Так вот, Татьяна оставила все листы бумаги себе. «Ты свое сделала. По-моему, здорово».
– Но я хотела… – забормотала я.
– Не надо. Все уже есть. Хочешь чаю с хорошим коньячком и лимоном?
– В чае не уверена, а коньяка хочу, – ответила я, чувствуя, что ослабела духом и телом и выпить рюмашечку будет самое то.
Но разговора у нас не получилось, она вся ушла в себя, Алиска стала канючить, что хочет домой. Я ушла.
Ночью мне снилась Алиса, и я проснулась с ощущением счастья.
Это не соответствовало, или не так, не совпадало с моим представлением счастья. Конечно, когда-нибудь у меня могли бы родиться дети, но – Боже! – не сейчас же, когда я одна-одинешенька.

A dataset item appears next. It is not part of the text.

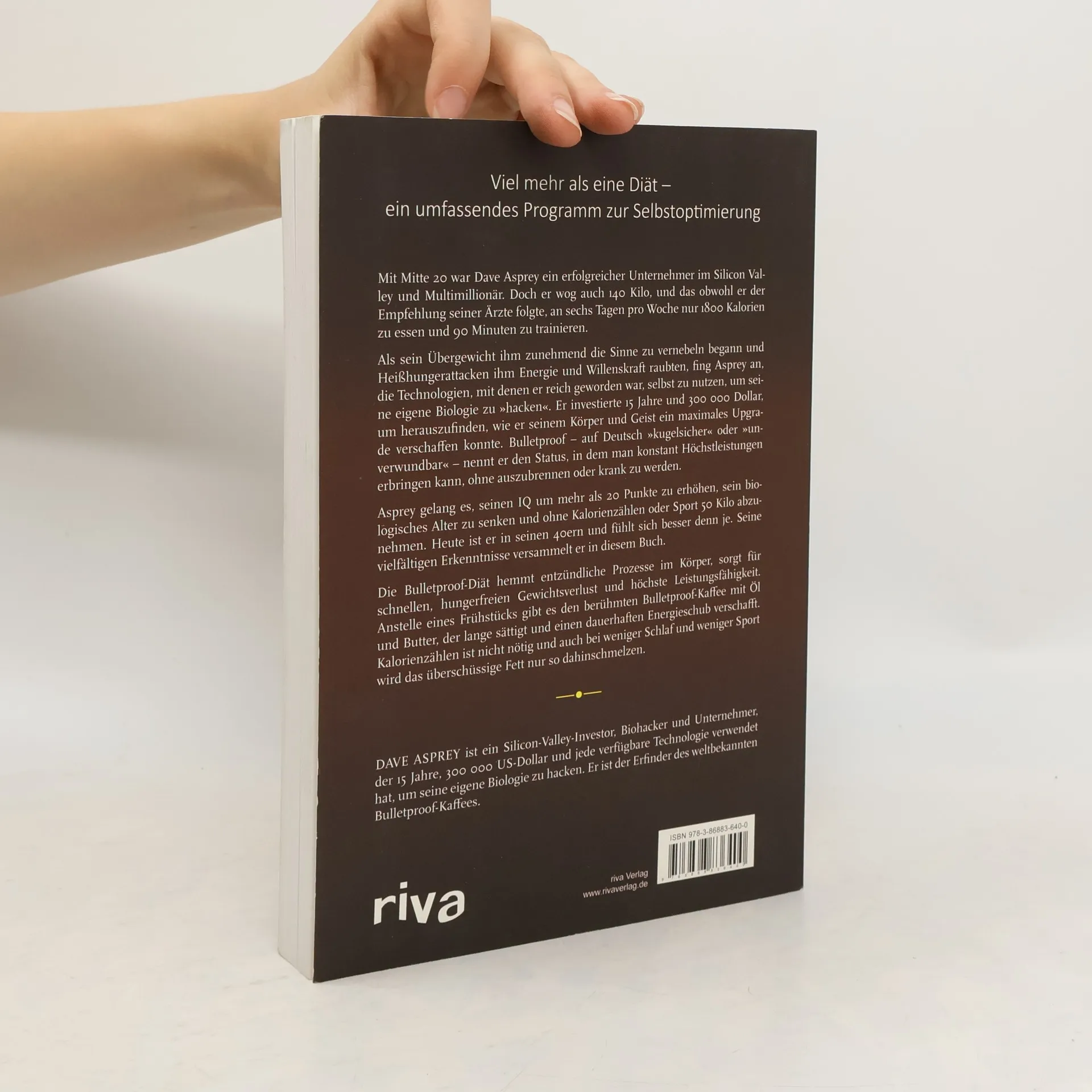 Mit Mitte 20 war Dave Asprey ein erfolgreicher Unternehmer im Silicon Valley und Multimillionär, wog jedoch 140 Kilo, trotz der Empfehlung seiner Ärzte, an sechs Tagen pro Woche nur 1800 Kalorien zu essen und 90 Minuten zu trainieren. Als sein Übergewicht seine Sinne trübte und Heißhungerattacken seine Energie raubten, begann er, die Technologien, die ihn reich gemacht hatten, zu nutzen, um seine Biologie zu „hacken“. Nach 15 Jahren und 300.000 Dollar in Tests und Selbstversuchen, einschließlich EEGs und einem Aufenthalt in einem tibetischen Kloster, suchte er nach Wegen, um Körper und Geist zu optimieren. Er nennt den Zustand, in dem man konstante Höchstleistung bringt, ohne auszubrennen, „Bulletproof“. Asprey steigerte seinen IQ um über 20 Punkte, senkte sein biologisches Alter und verlor 50 Kilo, ohne Kalorienzählen oder Sport. Seine Erkenntnisse sind in diesem Buch zusammengefasst. Die Bulletproof-Diät reduziert Entzündungen, fördert schnellen, hungerfreien Gewichtsverlust und steigert die Leistungsfähigkeit. Anstelle eines Frühstücks empfiehlt er Bulletproof-Kaffee mit Kokosöl und Butter, der lange sättigt und für anhaltende Energie sorgt. Kalorienzählen ist überflüssig, und auch mit weniger Schlaf und Sport schmilzt das überschüssige Fett.
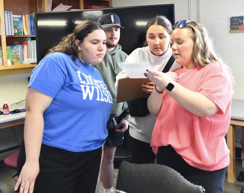 Lindsey Wilson University education majors, from left, Kalli McKinney ’27 of Campbellsville, Kentucky; Zach Brown ’27 of Albany, Kentucky; Emery-Kate Robertson ’27 of Russell Springs, Kentucky; and Megan Smith ’27 of Elizabethtown, Kentucky, consult with one another on an instruction on Thursday, March 19, in the university’s Goodhue Academic Center. The students were part of a five-team competition in professor Jennifer Antoniotti-Neal’s “Children’s Literature” class that used the activity to review a unit on teaching poetry.

Но эта сволочь-подкорка делала свое ей одной известное дело, и я целый день ходила с ощущением радости, при этом я прекрасно помнила, что умер папа и надо ехать к маме, я не балую ее визитами, но, надо сказать, она как бы их и не требует. Смерть папы и расстрел Белого дома сомкнулись во времени, папа нашел свое место в ограде предков, а Белый дом пялился черными окнами. Смех же был в том, что я жила возле него, у меня пламенным приветом тех дней была пулька, мама же в своей Марьиной роще видела все это как бы лучше меня. И получалось: «этот позор и ужас, который не увидел папа», стал для нее способом жить не в трауре, а в гневе, а так как я не очень его разделяла, чтоб не сказать не разделяла совсем, то нам было лучше не встречаться. Но в день после радостного сна я решила к ней съездить.
Она собирала папины вещи, чтоб «отдать бедным».
Я вынула из отложенного вороха папины фланелевые рубашки, которые любила носить, еще живя с родителями. Это были, конечно, другие рубашки, но они пахли папой, и я сказала, что с моей зарплатой-гонораром вполне подхожу к разряду бедных.
– Дошло, наконец, и до тебя, – сказала мама. – Кстати, на самом деле, как ты собираешься жить?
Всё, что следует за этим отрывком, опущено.